This leads me to a very small workshop for you on tomato pruning.  Ok. The idea is to keep the bottoms clear of leaf growth and new stems.  That should be removed.  Next we need to keep the plant to two main stems (four, if its a cherry plant).  We work on this by getting to the plant right at the beginning of its growth spurt.  The job is completed well when the pruning eliminates all unnecessary suckers and branches.  Soon after that, we'll attach strings to the two (or four, if its a cherry tom) leader stems.  They get attached by a clever "clothespin" of sorts that clamps onto the string.  The plant is then wrapped around the string or we'll use a clever and somewhat complicated tool called a "tey m up" that will put a heavy ribbon around the plant and the string in one movement and in its second, staple and cut the ribbon, so that one can move onto a new section.   So far this year, the most time that I've spent on any one plant is about 8 minutes.  That's mostly because I'm trying hard to stay up on them.  (In fact, what I should be doing right this minute is not writing, but pruning.  However, its important to me to share this information with you.)  There have definitely been seasons when any one plant has been neglected for so long that it takes 20 minutes or longer to go through one plant.  Very time consuming, yes?  There are always big pruning decisions that I have to go through.  Should I take this major stem out-its so big already.  Is there too many leaves?  Does the plant itself look healthy?  On and on.

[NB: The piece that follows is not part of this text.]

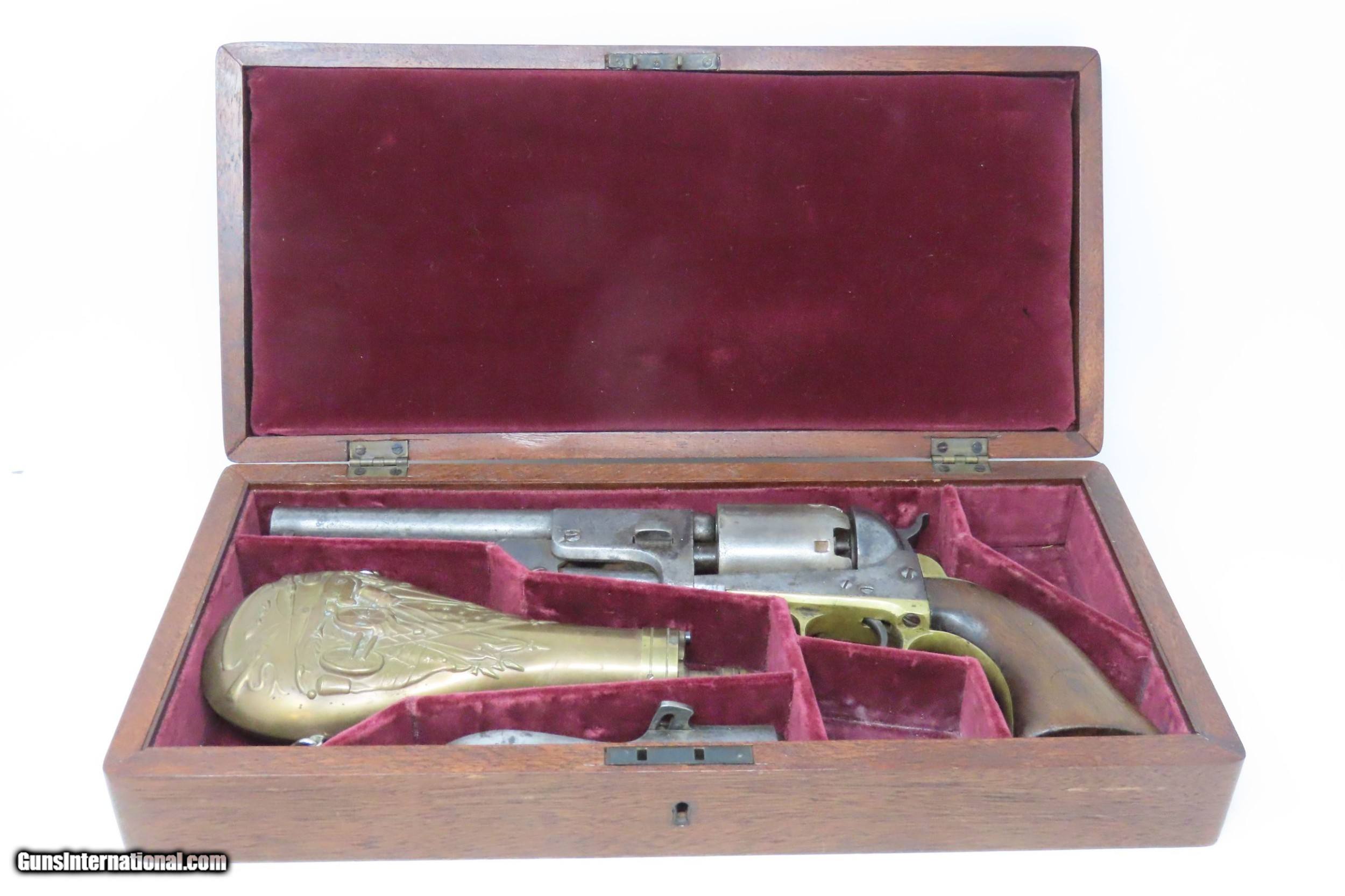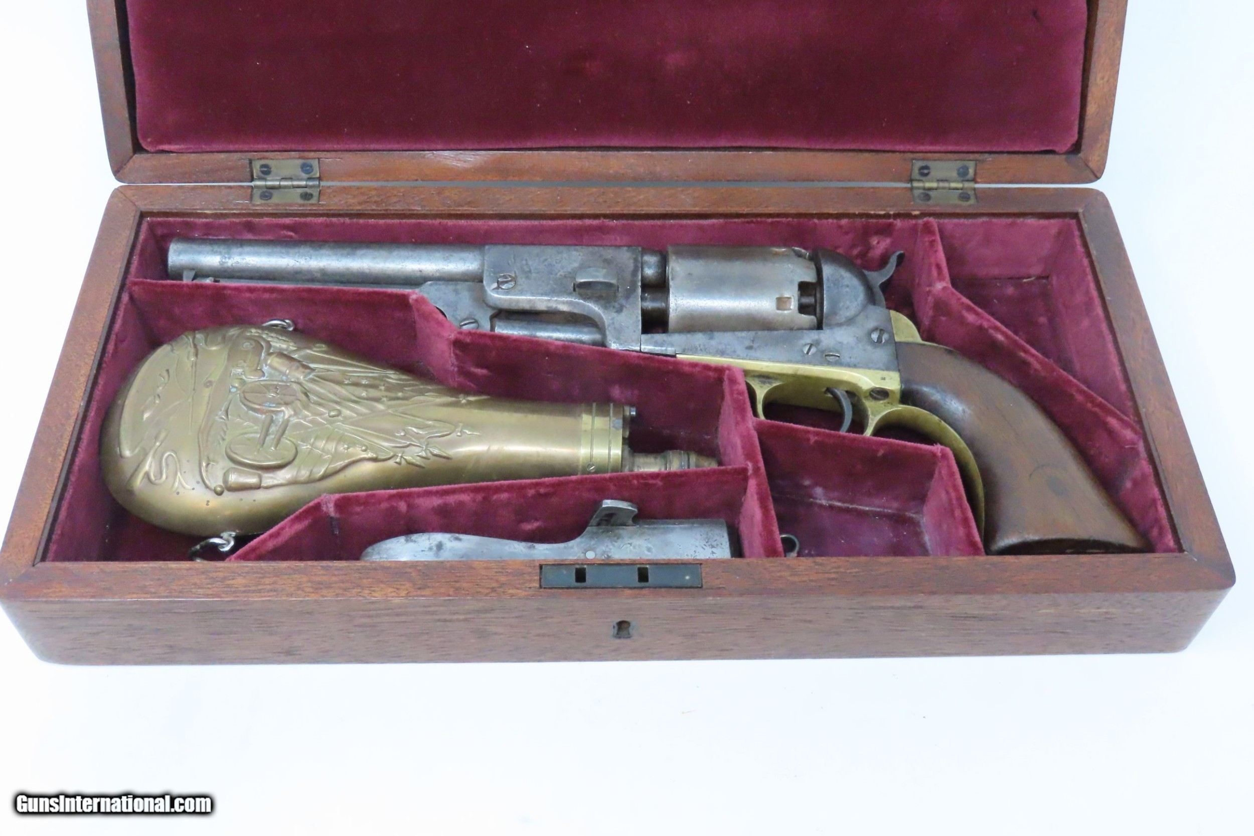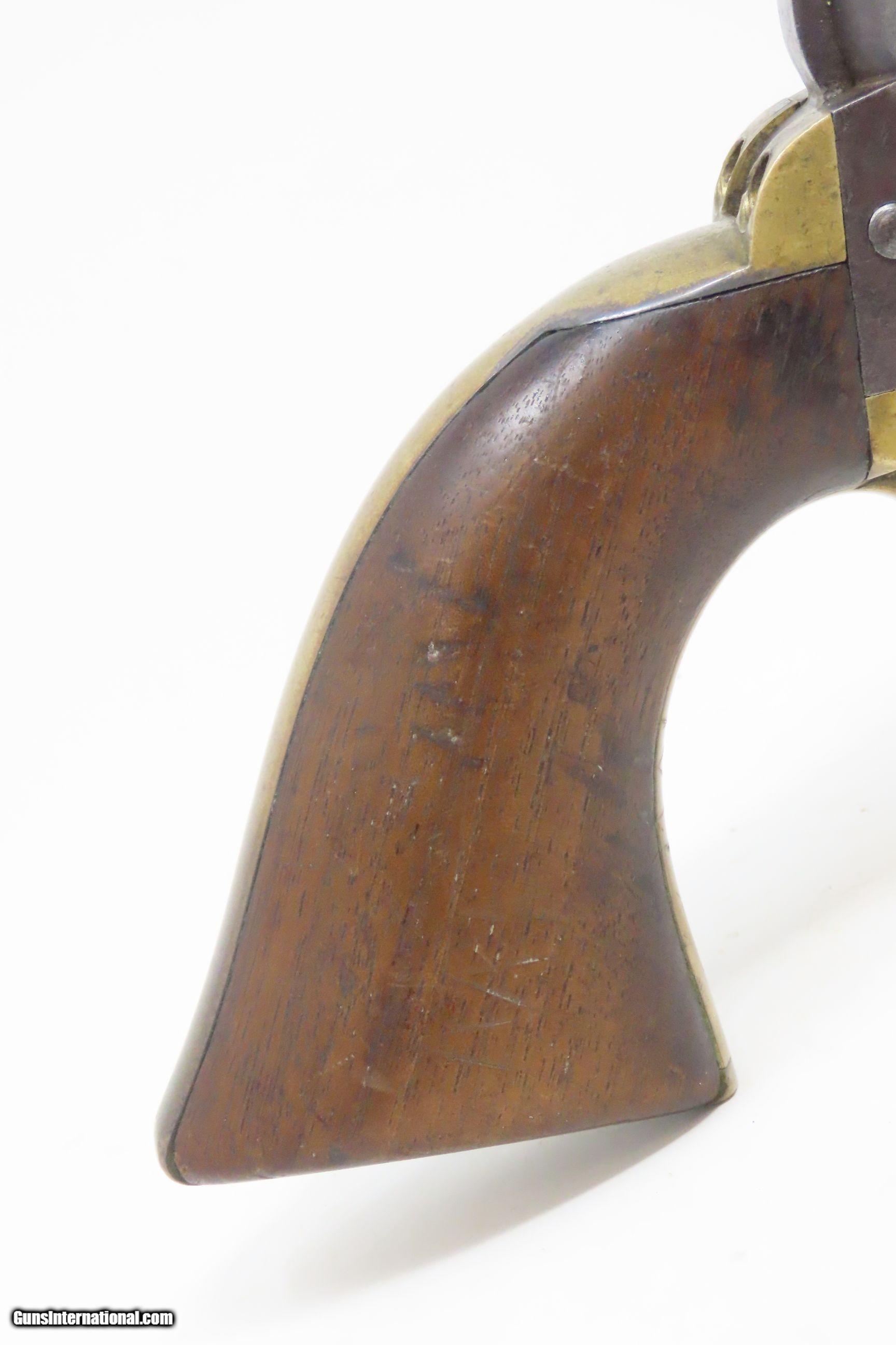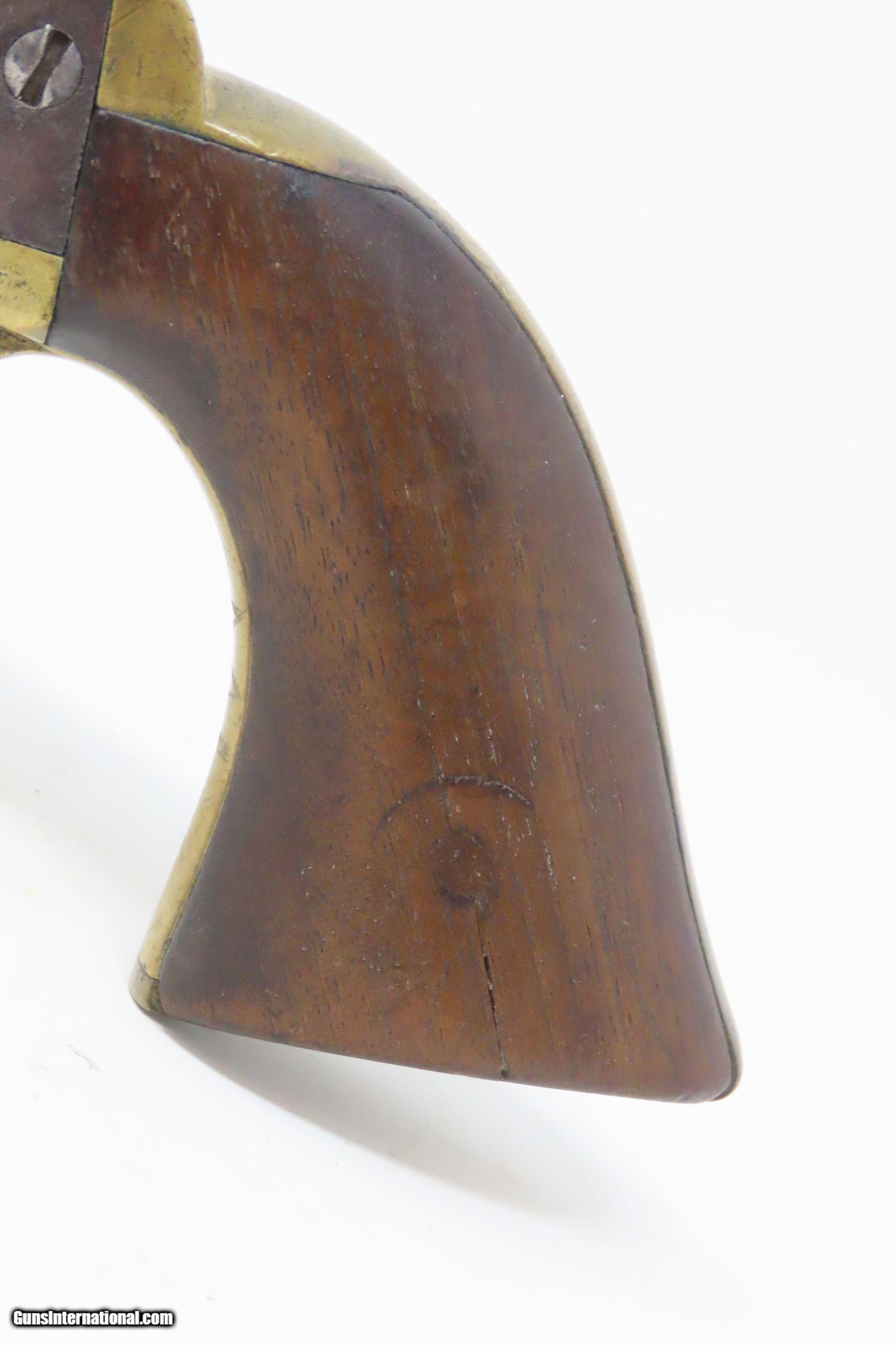 Description: Antique CIVIL WAR Era 3rd Model U.S. COLT DRAGOON .44 Cal. PERC. Revolver One of 10,500; 1855 mfg. with CASE and ACCESSORIES Here we present an antique U.S. Colt 3rd Model Dragoon Revolver, manufactured in 1859 in Hartford, Connecticut. Only 10,500 of this model were produced. The Third Model was first offered in 1851 and continued production through 1861, for a total of 10,500. The revolver is in .44 caliber, weighs 4 pounds and 2 ounces and has a part round and part octagonal barrel. The main difference between a Second and Third Model Dragoon is the change from a square-back trigger-guard to a rounded version. The barrel and cylinder were blued with casehardened frame, hammer and loading lever. The revolver was furnished with one-piece walnut grips which were varnished for the commercial market and oil-stained for the military contracts. Colt’s Dragoons experienced some of the harshest conditions the mid-19th century had to offer, and it is amazing that any survived, in any condition. This revolver was designed for use by horse-mounted rifleman, and it is so much pistol that you will want a horse to carry it for you because of its significant weight. This one would have seen use during the American Civil War. This is a great opportunity to add one of Samuel Colt’s most recognized inventions to your collection, a Civil War era Colt Dragoon! The overall condition is good. The action functions. The cylinder intermittently locks up. The bore is in good shape for its age. You can see in the bottom of the grip there was once a hole on either side of the frame that would have been equipped with a lanyard. The included accoutrements and case are in nice shape. Own the original! This is a legitimate antique and not a reproduction. Barrel is 7-1/2 inches. Caliber: .44 Percussion Overall condition as seen in photos. Very Fast. Very Safe. FREE SHIPPING WORLDWIDE. Delivered directly to your door by express mail! Guaranteed AUTHENTIC & Includes CERTIFICATE OF AUTHENTICITY. ancestryguns $7565 #217401 SOLD Antique: Yes |

Truth is that its a rewarding job.  One can see results immediately.  I should make something very clear, though.  One does not have to prune tomato plants.  You could let everything evolve with no interference.  Studies have shown that pruning does not increase the weight of produce that comes from a plant.  What does happen is that the plant is healthier and produces bigger and sweeter tomatoes.  And that is what we're after. And that is what we hope to bring to you this season-the best tomatoes anywhere. 

Many of  you don't know this yet, but several years ago, a young child who loved our tomatoes gave me a new nickname-"The Tomato Scientist".  I'm keeping it!

 

This week we'll have for all of you numerous lovely items.  If you're ordering for the shed, please get me your orders by 8AM on Friday.  Your order will be ready after 2pm on Friday.  Or, like the Durham CSA people, you can come over to the green in Durham on Thursday from 3-6:30pm and just shop.

I should also note, that we'll be at the Madison Farmer's Market on Fridays from 3-6pm.  Located on the green just west of town.  A beautiful sight.  And of course, Wooster Square in New Haven from 9AM to 1PM.  If you've never been to a Farmer's Market, it is the most singularly wonderful experiences ever.  You'll find freshly harvested food and extremely happy people. 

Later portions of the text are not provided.